"Not so strong as I'd like to put it, when I've been told by a buckaroo right in these hills that if I dogged a certain stockman's scrubs off our range I was liable to have all my own cattle disappear; without one chance in a hundred of knowing who'd run them off, too."

"Well. You heard that, did you?" Ludlum spoke in a tone of soft surprise, but his eyes gleamed cruelly. "It's going to be pretty hard for you to make anything on your cattle this year, then, ain't it? Can't even make a payment on your mortgage, mebbe."

"You needn't worry about my not paying you, Mr. Ludlum. If we can't do anything else we can bring the stock inside the fence until yours and these other outsiders' cattle have been rounded up. I'll have enough to sell this fall to pay off something by December. There won't be any danger of losing them next year, when the herd law goes through.

"You tell Joe, here, that you're our best friend, yet you try to set him against us. You tell him the herd law will put an end to the two-mile limit, which isn't so. That's not the kind of friend we're used to, Mr. Ludlum. And if we're not the kind of people you want round here, if you don't like us, why do you come up here? We've got along all right without you."
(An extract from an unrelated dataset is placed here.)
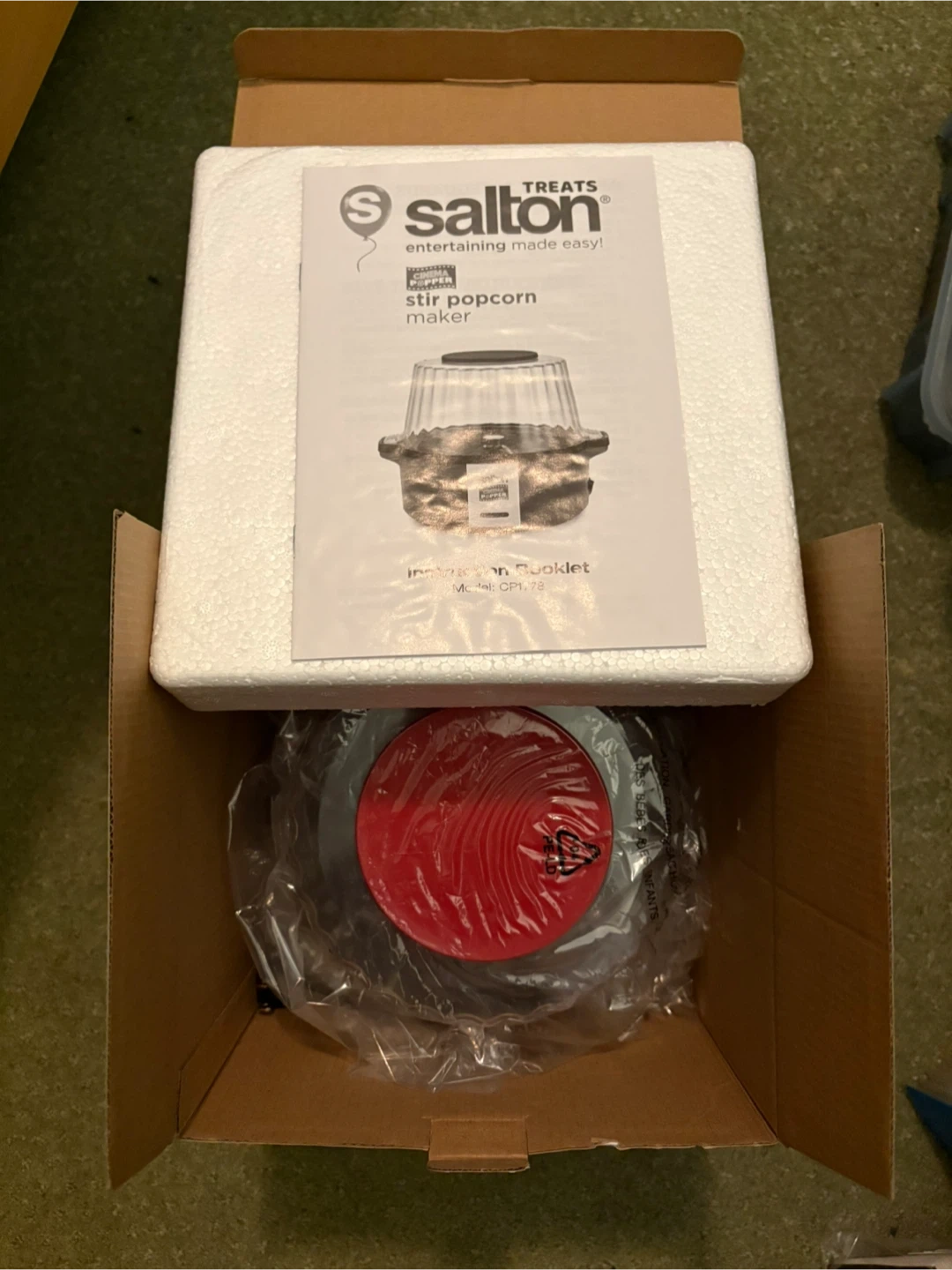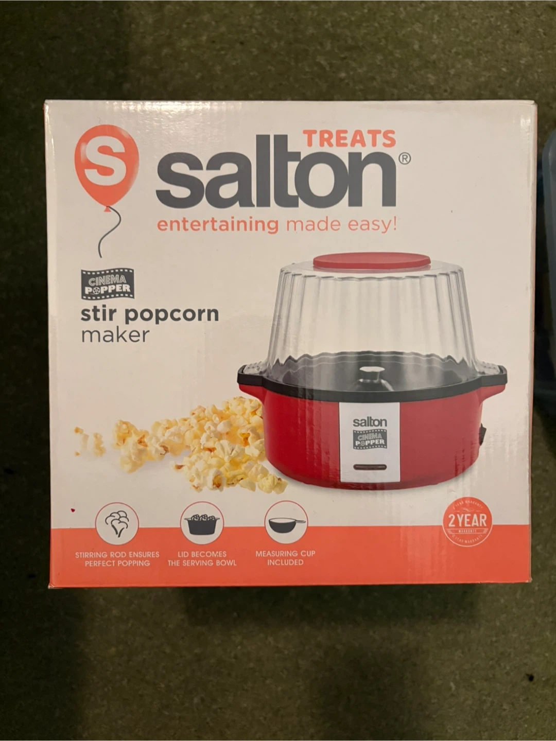 Selling a brand new Salton Stir Popcorn Maker. It's still in its original box, ready to make some delicious popcorn. - Stirring rod ensures perfect popping - Lid becomes the serving bowl - Measuring cup included From a pet-free and smoke-free home. Might be able to help with delivery if you live on the North Shore.

The moment she said that, she knew that she had made a mistake. Ludlum's eyes narrowed. "Oh," he said slowly, "so you got along all right, did you? Ain't it kind of sudden that you've found that out? Seemed to me you were pretty well pleased to have the old man put up cattle for you on time."

"It was your suggestion that I should buy of you. You weren't doing it because you were a friend. You said it was good business."

"That's right, little lady," Ludlum laughed, "you've hit it. Business it was and business it's to stay. Eh? It'll take more'n losing a bunch of stock to make you knock under, won't it? Well, here's luck to you."

And with a malignant chuckle he kicked spurs into his horse and went up the road at a gallop. As Harry, with throbbing pulse and clenched hands, stared after him she became suddenly aware that Joe Biane was watching her with covert intentness.

"Whatever you do, Joe," she said abruptly, "don't go to outsiders to help you get a start. You see what you're likely to run against."

"Aw! What difference does that make?" Joe mumbled, walking away. "Beat 'em at their own game, I say."